Lebensqualität und funktionelle Ergebnisse

Die Forschung konzentrierte sich auf die Wirkung des Medikaments bei Patienten mit schmerzbedingter funktioneller Beeinträchtigung und untersuchte Veränderungen der Lebensqualitätsmetriken.

  • Eine Metaanalyse, die Daten aus vier großen RCTs zusammenfasste, bewertete, ob das Medikament mit einer geringeren Inzidenz von Langzeitkomplikationen im Zusammenhang mit Mobilität und täglichen Aktivitäten assoziiert war.

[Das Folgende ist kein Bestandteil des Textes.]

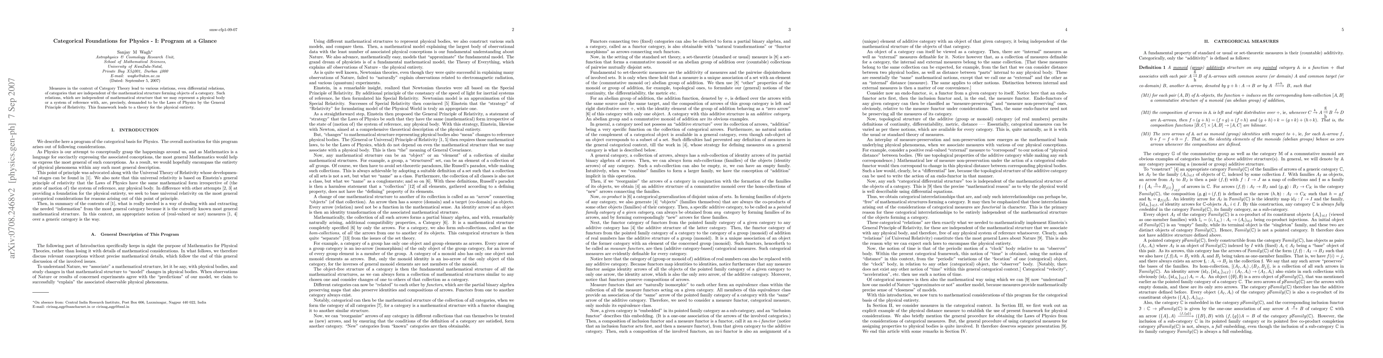 Measures in the context of Category Theory lead to various relations, even differential relations, of categories that are independent of the mathematical structure forming objects of a category. Such relations, which are independent of mathematical structure that we may represent a physical body or a system of reference with, are, precisely, demanded to be the Laws of Physics by the General Principle of Relativity. This framework leads to a theory for the physical entirety.

Die Metaanalyse berichtete, dass die Medikamentengruppe eine größere Verbesserung der Short-Form Health Survey (SF-36) Scores im Vergleich zu den Kontrollgruppen zeigte.

Sicherheits- und Verträglichkeitsprofile

Alle wichtigen klinischen Studien überwachten unerwünschte Ereignisse (UEs). Zu den häufig berichteten UEs gehörten Schwindel, Übelkeit und Müdigkeit. Diese Ereignisse wurden im Allgemeinen als mild bis moderat eingestuft. Schwerwiegende unerwünschte Ereignisse (SUEs) waren in den Studien selten und deren Inzidenz ähnelte der, die in den Placebogruppen beobachtet wurde.

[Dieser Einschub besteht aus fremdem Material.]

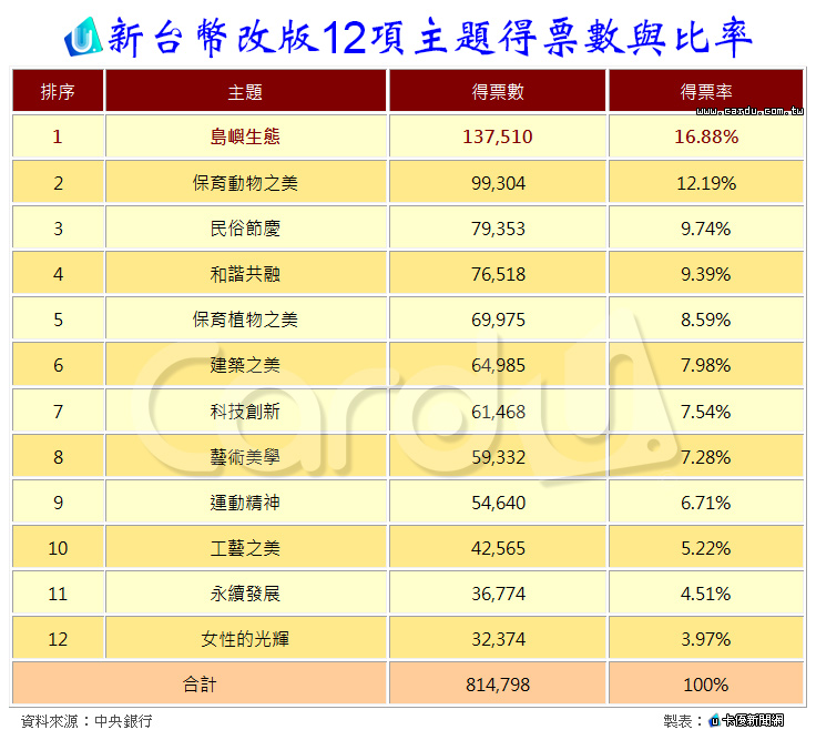 新台幣改版12項主題得票數與比率,如下表:

Studien haben mögliche Wechselwirkungen untersucht, wenn das Medikament mit gängigen NSAIDs und Opioiden kombiniert wird. Eine Studie berichtete über Unterschiede in den Ergebnissen im Vergleich zu einem häufig verschriebenen Opioid und stellte eine potenziell geringere Inzidenz von Verstopfung in der Medikamentengruppe fest. Weitere Forschung zur vollständigen Charakterisierung des Interaktionsprofils ist noch im Gange.

Wie sollte Asmatol gelagert und entsorgt werden?

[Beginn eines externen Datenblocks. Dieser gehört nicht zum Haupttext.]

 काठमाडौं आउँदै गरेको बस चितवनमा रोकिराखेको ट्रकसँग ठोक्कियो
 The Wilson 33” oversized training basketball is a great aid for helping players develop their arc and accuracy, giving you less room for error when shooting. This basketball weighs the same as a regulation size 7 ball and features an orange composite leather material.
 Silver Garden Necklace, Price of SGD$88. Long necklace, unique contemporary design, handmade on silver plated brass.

Lagerungs- und Entsorgungsvorschriften für Asmatol

Lagerbedingungen

Asmatol muss bei kontrollierter Raumtemperatur gelagert werden (zum Beispiel unter 30 C oder 86 F). Das Medikament benötigt Schutz vor Licht und Feuchtigkeit. Es ist behördlich vorgeschrieben, das Produkt im Originalbehälter aufzubewahren und diesen fest verschlossen zu halten. Das Arzneimittel darf nicht eingefroren oder im Kühlschrank aufbewahrt werden, da extreme Temperaturen das Produkt beschädigen können.


Handhabung und Sicherheit

Um die offiziellen Sicherheitsanforderungen zu erfüllen, muss Asmatol außerhalb der Sicht- und Reichweite von Kindern aufbewahrt werden. Unter Druck stehende Aerosol-Behälter dürfen weder durchstochen, verbrannt noch übermäßiger Hitze ausgesetzt werden.


Entsorgungsregeln

Zur Entsorgung von unbenutztem oder abgelaufenem Asmatol sind die offiziellen Arzneimittel-Rücknahmeprogramme oder autorisierte Sammelverfahren zu befolgen. Es ist behördlich untersagt, das Medikament in die Toilette zu spülen oder in einen Abfluss zu geben, da dies für die meisten Arzneimittel nicht zulässig ist.

Aufmerksamkeit! Wenden Sie sich immer an einen Arzt oder Apotheker, bevor Sie Pillen oder Medikamente verwenden.